Eighteen RCTs were included for review (n=1,929).

Local Recurrence (17 studies n= 1,700): Adjuvant chemotherapy was associated with a significant reduction in the risk of local recurrence compared to localised treatment alone when all studies were combined (OR 0.73, 95% CI 0.56 to 0.94, p=0.02, NNT=25; 17 studies, n=1,700). There was no evidence of significant heterogeneity. However, there was no significant effect when studies of doxorubicin therapy alone and doxorubicin therapy combined with ifosfamide were analysed separately.

Distant and Overall Recurrence (18 studies n=1,747): Both doxorubicin alone (OR 0.69, 95% CI 0.56 to 0.86, p=0.001; 13 studies, n=1,338) and doxorubicin combined with ifosfamide (OR 0.61, 95% CI 0.41 to 0.92, p=0.02; five studies, n=409) were associated with a significant reduction in the risk of distant and overall recurrence. This effect remained when all studies were combined (distant recurrence OR 0.67, 95% CI 0.56 to 0.82, p=0.0001; 18 studies, n=1,747). There was no evidence of significant heterogeneity. The NNT for all studies was 12 for distant recurrence and 10 for overall recurrence.

Survival (18 studies, n=1,929): Doxorubicin combined with ifosfamide was associated with a significant reduction in mortality (HR 0.56, 95% CI 0.36 to 0.86, p=0.01; five studies, n=414). Doxorubicin alone did not significantly change the risk of mortality. The NNT for all studies combined was 17. There was no evidence of significant heterogeneity.

Adjuvant chemotherapy showed marginal efficacy in reducing local, distant and overall recurrence and improving survival in patients with localised resectable soft-tissue sarcoma. The benefits were increased with the addition of ifosfamide to doxorubicin-based regimes, but these needed to be weighed against associated toxicities.
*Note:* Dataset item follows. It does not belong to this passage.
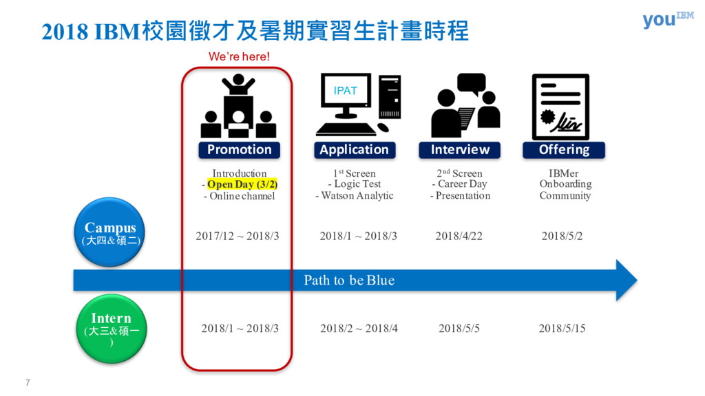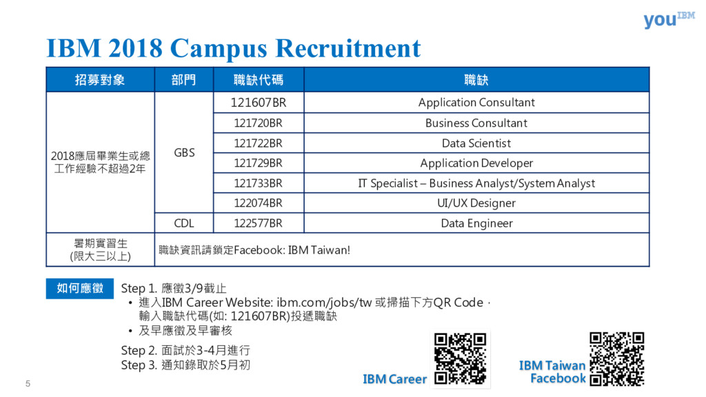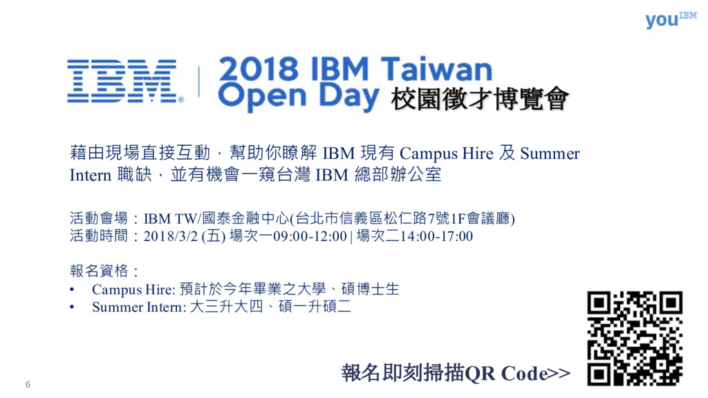 121720BR Business Consultant 121722BR Data Scientist 121729BR Application Developer 121733BR IT Specialist – Business Analyst/System Analyst 122074BR UI/UX Designer CDL 122577BR Data Engineer 暑期實習生 (限大三以上) 職缺資訊請鎖定Facebook: IBM Taiwan! 如何應徵 Step 1. 應徵3/9截止 • 進入IBM Career Website: ibm.com/jobs/tw 或掃描下方QR Code, 輸入職缺代碼(如: 121607BR)投遞職缺 • 及早應徵及早審核 Step 2. 面試於3-4月進行 Step 3. 通知錄取於5月初 IBM Career IBM Taiwan Facebook IBM 2018 Campus Recruitment 5

The review addressed a clear question with well-defined inclusion criteria. The search was restricted to two databases for articles in English, so language and publication biases may have been introduced and relevant data may have been missed. Appropriate methods were taken in the study selection process to minimise reviewer error and bias, though it was unclear whether similar steps were taken in the data extraction processes. The quality of studies retrieved from the current search was assessed and appropriate methods to minimise bias were used. However, the results of this quality assessment were not reported and the studies included from the previous systematic review were not subjected to a validity assessment. As a result, it was not possible to ascertain the quality of included studies and, therefore, reliability of data. Appropriate methods were used to combine data. Statistical heterogeneity was assessed. Given the potential for bias in the review process and the lack of information on study quality, the reliability of the authors' conclusions is unclear.

Practice: The authors did not state any implications for practice

Research: The authors did not state any implications for research.

Not stated.

Sarcoma Meta-Analysis Collaboration. 1997. Adjuvant chemotherapy for localised resectable soft tissue sarcoma of adults: meta-analysis of individual data. Sarcoma Meta-analysis collaboration. Lancet, 350: 1647-1654.

This is a critical abstract of a systematic review that meets the criteria for inclusion on DARE. Each critical abstract contains a brief summary of the review methods, results and conclusions followed by a detailed critical assessment on the reliability of the review and the conclusions drawn.